Iraqi economy a huge challenge

The headline had a dramatic tone — “Economy Hurting Iraq More Than Violence” — but it is probably right in a simplistic way. The underlying story illustrates the immensity of the “nation-building” task the United States faces in Iraq, an immensity that U.S. officials obviously did not appreciate going into the war.

The gist of the Inter Press Service article was that high unemployment, stagnant output and low incomes posed greater problems for most Iraqi households than fighting between insurgents and coalition forces or between different factions in Iraqi society.

The authors went on to blame the U.S. Provisional Authority for inept economic decision-making and the Bush administration for failing to pump enough money into the country to spur economic recovery. Regardless of whether one agrees with that assessment, the state of Iraq’s economy clearly is an important challenge for U.S. policy-makers.

People experienced in the problems of poor countries know that economic woes almost always trump political violence in importance. People from wealthy countries tend to note dramatic events — ethnic strife in Rwanda or Sri Lanka, famine in Ethiopia or Mali. But the day-in-day-out grinding down of people by inadequate health care and bad nutrition causes much more human suffering in poor countries than civil war and natural disasters.

If Iraq’s economy is stagnant, the resulting human cost might well outweigh that of highly publicized fighting.

U.S. decision-makers clearly underestimated their task. The apparent sophistication of the Iraqi economy and the once-high living standards of many Iraqi households may have blinded them to the scope of the problem.

As weapons inspections revealed, Iraq could construct and operate complex chemical and engineering works to fabricate rockets and other armaments.

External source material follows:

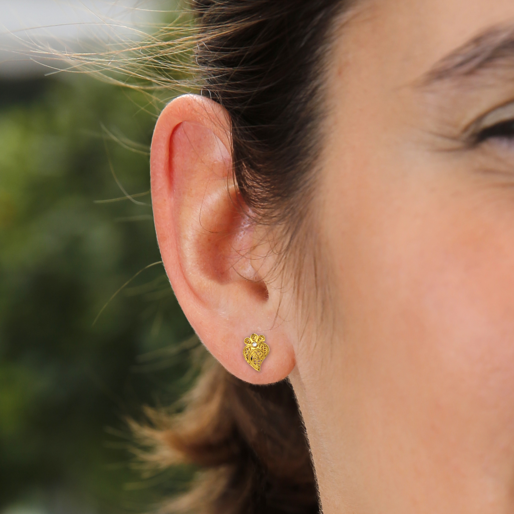 Brincos com coração de Viana em ouro e diamantes | Filigrana | Love Me
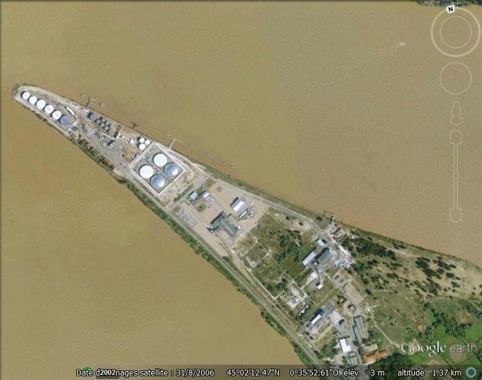 Document : Photographie aérienne verticale prise lors d’un bombardement de jour du dépôt de stockage de pétrole du Bec d'Ambes. Ce dépôt se situe au confluant de la Garonne et la Dordogne en France.

Its construction firms could build large airfields, munitions bunkers and other military complexes.

Moreover, history clearly showed that urban Iraqis had enjoyed some of the highest levels of consumption in the region — at least until their country attacked Iran in 1980.

The apparent technological mastery and affluence were not, however, the product of a sound, diversified economy. They resulted from enormous oil wealth relative to the population. Some was used effectively: Iraq had some of the best education and health care of any Arab country. But much was wasted on armaments or flowed into the foreign bank accounts of Saddam Hussein, his family and his cronies.

As U.S. Deputy Defense Secretary Paul Wolfowitz’s assertion that Iraq could “pay for its own reconstruction” demonstrated, the administration thought that Iraq’s oil industry could rapidly recover as an engine of economic growth.

That did not prove true. Twenty-five years of mismanagement and disinvestment by Saddam’s regime coupled with bombing in the 1991 gulf war left the oil sector in a shambles.

Moreover, the extensive layout of a petroleum industry in a thinly populated country like Iraq makes it an easy target for sabotage by insurgent forces. Heroic efforts have gone into rehabilitating the country’s decrepit oil facilities during the past 16 months, but they remain subject to repeated attacks on pipelines and loading facilities.

The larger question is how to foment broad-based economic growth in an economy weighed down by a legacy of corrupt cronyism and Baathist central planning. There are good examples of countries that adopted policies that led to dramatic growth, South Korea and Taiwan being among the best. But there are no historical examples of one country making another country grow.

Neoconservatives in the administration, of course, pointed to the post-World War II reconstruction of Germany and Japan under Western occupation governments. Both these nations, however, had been functioning industrial quasi-market economies before losing the war. Their physical infrastructure was devastated, but their citizens still knew how to run complex modern industries.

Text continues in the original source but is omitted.